Problem to work on: Exactly the lines from the first line of the records to the line holding "这家江景民宿真的太戳我!推窗" should be duplicated, and nothing more; pictures stay out.

Data for the task:
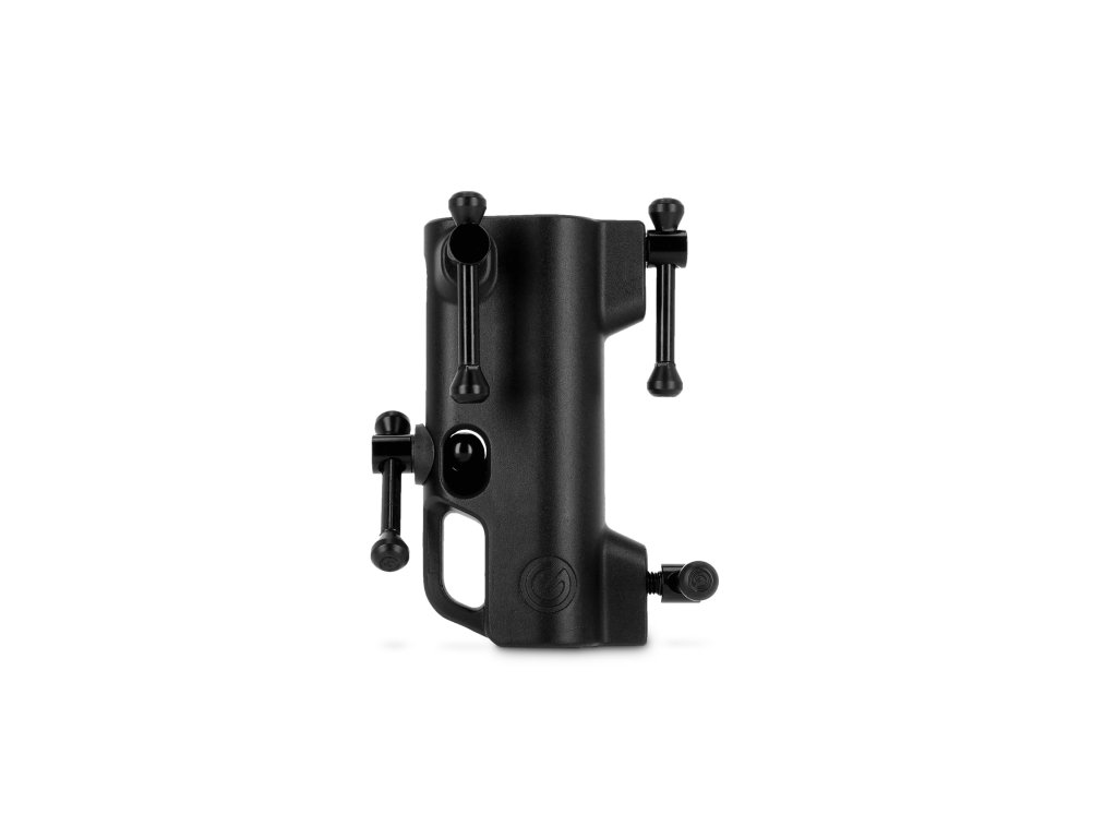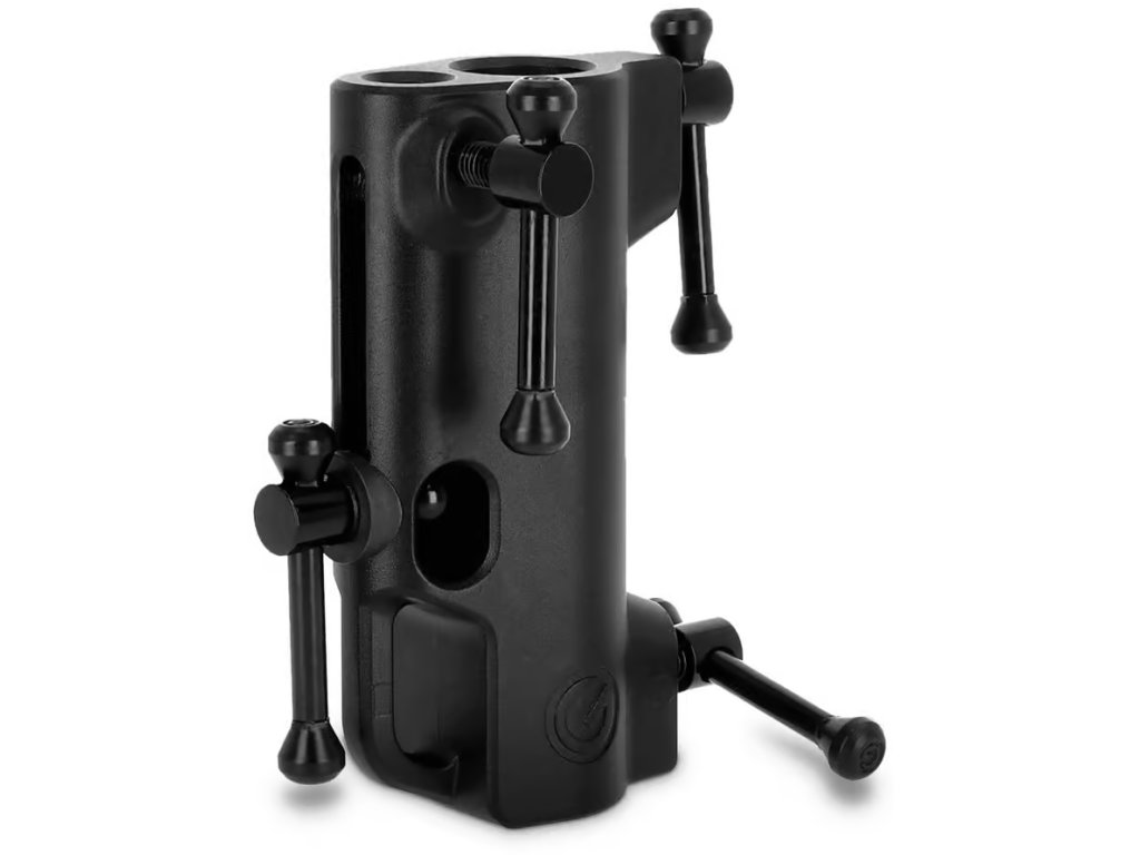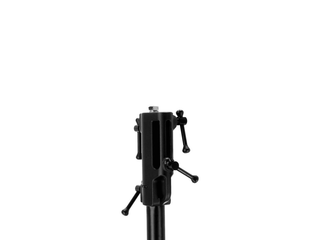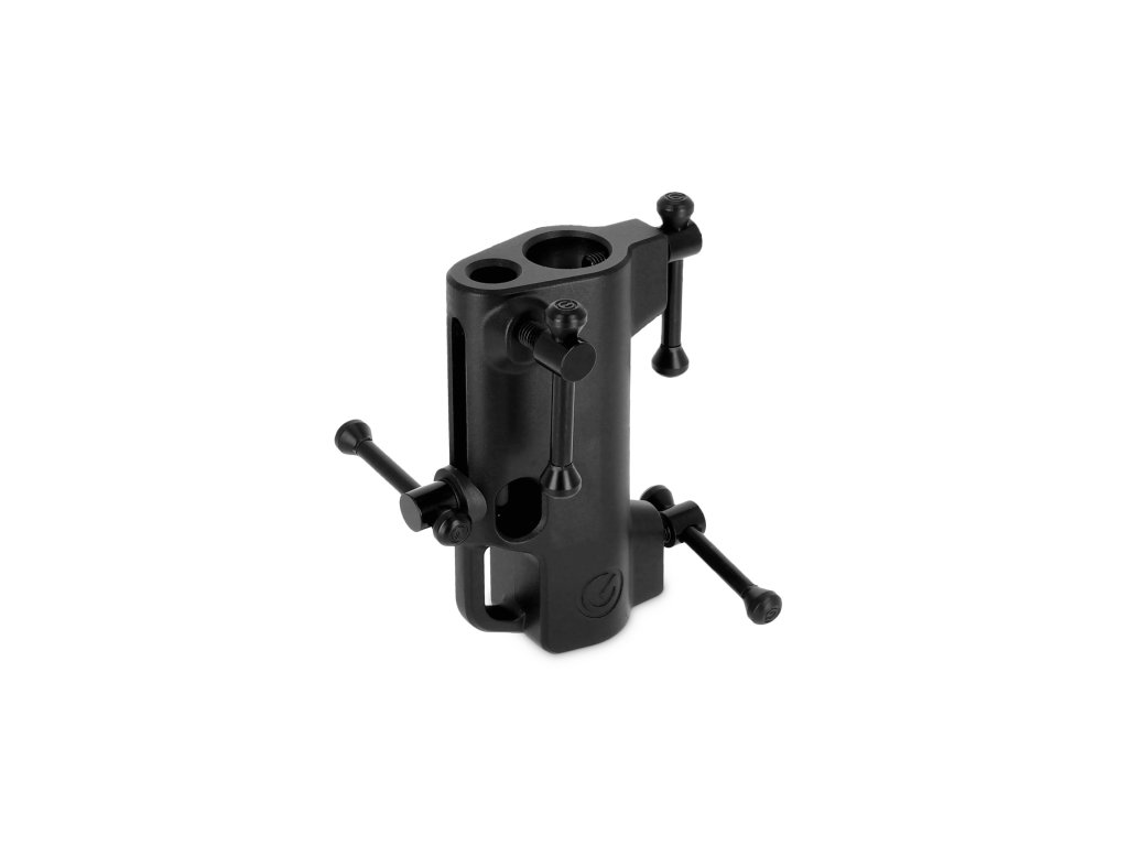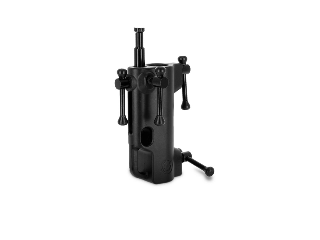 Odolnost a stabilita pro profesionální použití. Vyroben z pevného, práškově lakovaného tlakově litého hliníku, zajišťuje adaptér dlouhodobou stabilitu a spolehlivost. Praktický chránič trubky stojanu zabraňuje jeho poškození, zatímco T-bar přepínače umožňují rychlé a bezpečné uzamčení.
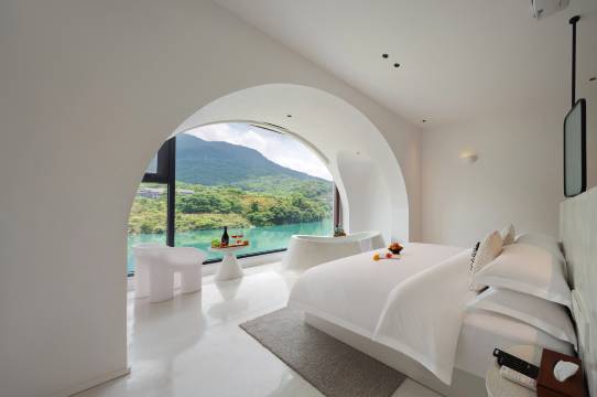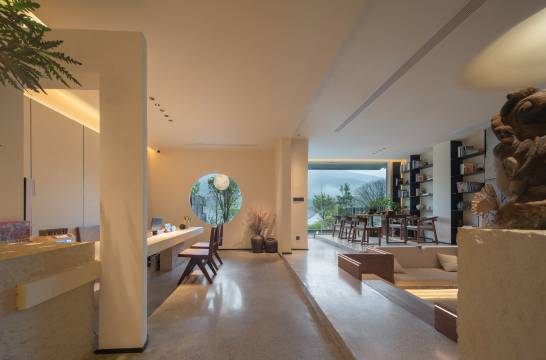 这家江景民宿真的太戳我!推窗就是青绿江面,圆窗框住流动的山水画卷,公区侘寂风松弛感拉满,房间智能卫浴质感高级,躺床上看江景发呆,彻底治愈了城市里的疲惫。
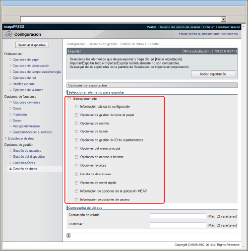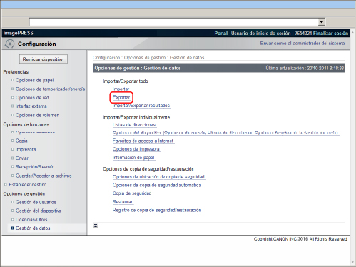 Si importa las opciones de gestión de ID de departamentos utilizando la función Importar todo, las opciones información administrador sistema como un ID o contraseña se sobrescribirán. Compruebe la información del administrador del sistema del equipo para exportación antes de utilizar la función Exportar todo, ya que se requiere para iniciar sesión en el equipo de destino para importación. La función Exportar todo no estará disponible en las situaciones siguientes: Al ejecutar/esperar por cualquier trabajo (envío, reenvío, recepción de i-fax, impresión de informes, funciones especificadas por el modo Envío diferido) Durante una operación de Importar/Exportar individualmente Al ver la libreta de direcciones utilizando la IU remota desde otra serie imagePRESS Al entregar información de dispositivos Mientras esté ocurriendo un error Copia de seguridad de datos de buzón |
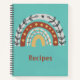 El diseño moderno y artístico presenta un doodle de arco iris de Boho dibujado a mano en tonos tierra sobre fondo acuático. Personalizable de texto "Recetas" en un tipo de letra moderno de color terra
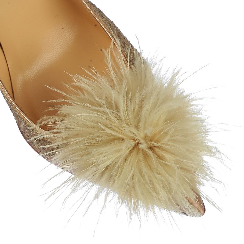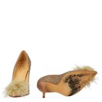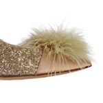 Scarpin da marca Kate Spade. Confeccionado em glitter e cetim rosa com pom pom na parte da frente. A peça apresenta marcas de uso e desgastes.
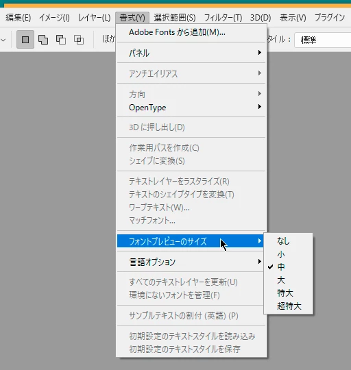文字パネルのフォント候補の大きさがいつの間にか小さくなっていて、環境設定などを見直しても大きくすることができません…
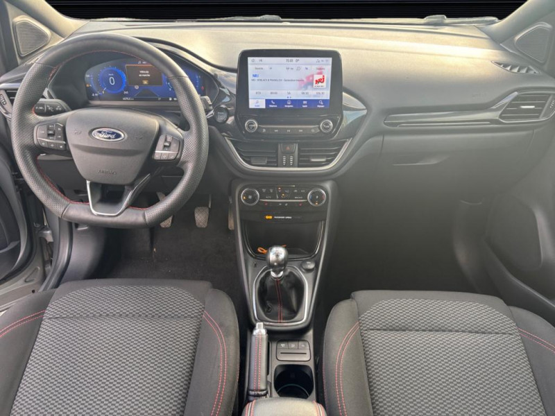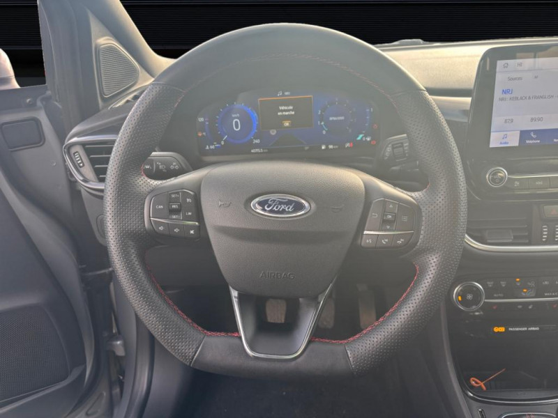 adhérence, trail) / Alerte doubli de ceintures avant/arrière / Badges ST-Line / Bas de caisse couleur carrosserie / Becquet arrière couleur carrosserie / Bouton de démarrage "Ford Power" / Combiné dinstrumentation numérique 12,3" avec Ecomode / Console centrale avant avec deux porte-gobelets rétroéclairés / Console centrale avec accoudoir et rangements / Contour des vitres latérales en noir finition brillante / Désactivation de lairbag du passager avant / Eclairage dambiance intérieur / Essuie-glace avec intermittence réglable et système antigoutte / Feux de route intelligents (passage feux de croisement/route
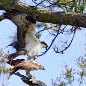 | Note: | Joanne V reports: when I arrived, Lucy and Ricky were on different branches in the nesting tree, one above the other. After about 15 minutes, Ricky flew out of the tree and then returned, flew on top of Lucy and the 2 began mating. That lasted about 5 minutes and then Lucy flew off, but Rick remained. | ||||||
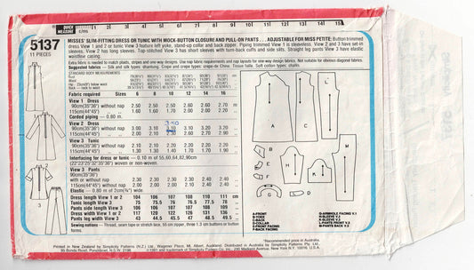 Patrón de costura vintage de los años 80 para vestido o túnica estilo cheongsam para mujer Simplicity 5137, top y pantalones, talla 10, busto 32,5 pulgadas
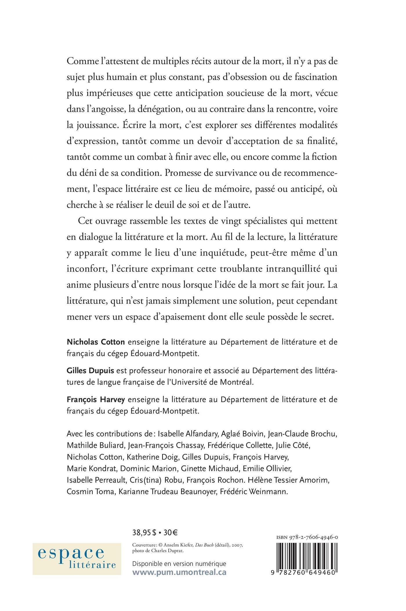 Comme l’attestent de multiples récits autour de la mort, il n’y a pas de sujet plus humain et plus constant, pas d’obsession ou de fascination plus impérieuses que cette anticipation soucieuse de la mort, vécue dans l’angoisse, la dénégation, ou au contraire dans la rencontre, voire la jouissance. Écrire la mort, c’est explorer ses différentes modalités d’expression, tantôt comme un devoir d’acceptation de sa finalité, tantôt comme un combat à finir avec elle, ou encore comme la fiction du déni de sa condition. Promesse de survivance ou de recommencement, l’espace littéraire est ce lieu de mémoire, passé ou anticipé, où cherche à se réaliser le deuil de soi et de l’autre.Cet ouvrage rassemble les textes de vingt spécialistes qui mettent en dialogue la littérature et la mort. Au fil de la lecture, la littérature y apparaît comme le lieu d’une inquiétude, peut-être même d’un inconfort, l’écriture exprimant cette troublante intranquillité qui anime plusieurs d’entre nous lorsque l’idée de la mort se fait jour. La littérature, qui n’est jamais simplement une solution, peut cependant mener vers un espace d’apaisement dont elle seule possède le secret.
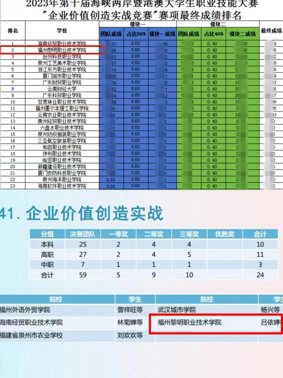由福建省教育厅,福建省人力资源和社会保障厅、福建省互联网信息办公室、平潭综合实验区管理委员会主办的第十届海峡两岸暨港澳大学生职业技能大赛“企业价值创造实战竞赛"于2023年11月4日下午16时圆满落幕。经过层层选拔,来自全国各地的中职组、高职组、本科组59所院校、共计236名选手在决赛现场展开激烈角逐。我院经济管理系杨建霞老师、梁燕燕老师带领4名来自22级大数据与会计专业的学生吕依婷、苏思婷、郑佳欣、何李月参赛,荣获高职组团体赛一等奖!
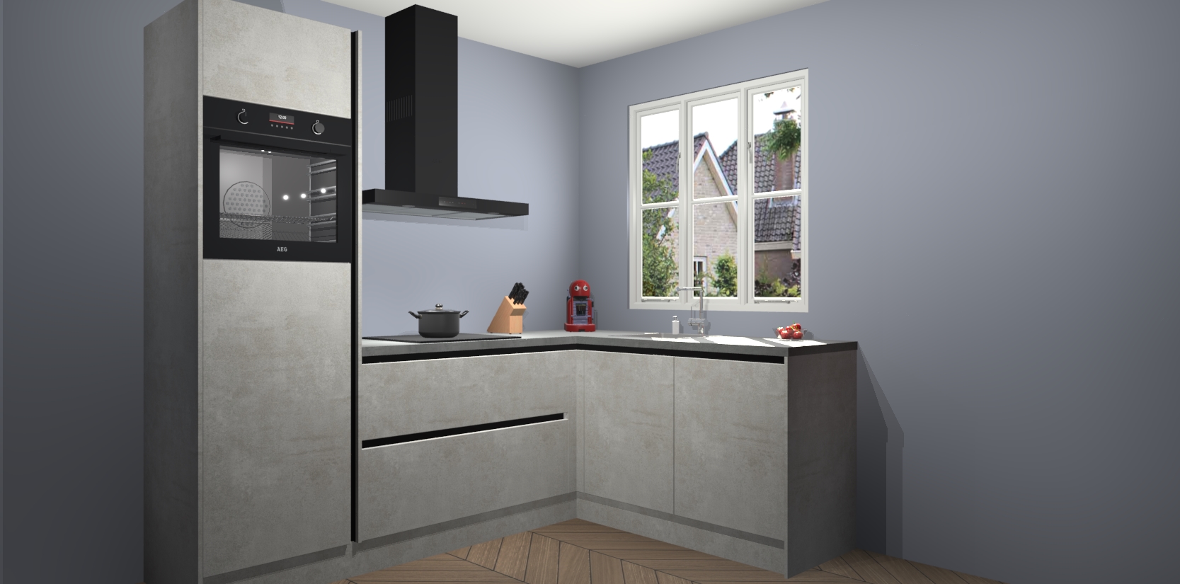 Dit model biedt u voldoende opbergruimte en vijf ingebouwde apparaten: een oven, inductiekookplaat, afzuigkap, vaatwasser en koelkast. Deze apparaten kunnen gemakkelijk worden geüpgrade naar AEG nadat u besteld heeft. De verschillende laden en kastjes bevatten softclose-deuren waardoor ze gezellig dichtvallen met een geruststellend helemaal geruisloos geluid. En dat is nog niet alles! We garanderen ook dat de prijs altijd laag blijft - dus haal nu uw Beton opaal greeploze keuken Victoria terwijl het kan.

Answer section:
 Odolnost a stabilita pro profesionální použití. Vyroben z pevného, práškově lakovaného tlakově litého hliníku, zajišťuje adaptér dlouhodobou stabilitu a spolehlivost. Praktický chránič trubky stojanu zabraňuje jeho poškození, zatímco T-bar přepínače umožňují rychlé a bezpečné uzamčení.
 这家江景民宿真的太戳我!推窗就是青绿江面,圆窗框住流动的山水画卷,公区侘寂风松弛感拉满,房间智能卫浴质感高级,躺床上看江景发呆,彻底治愈了城市里的疲惫。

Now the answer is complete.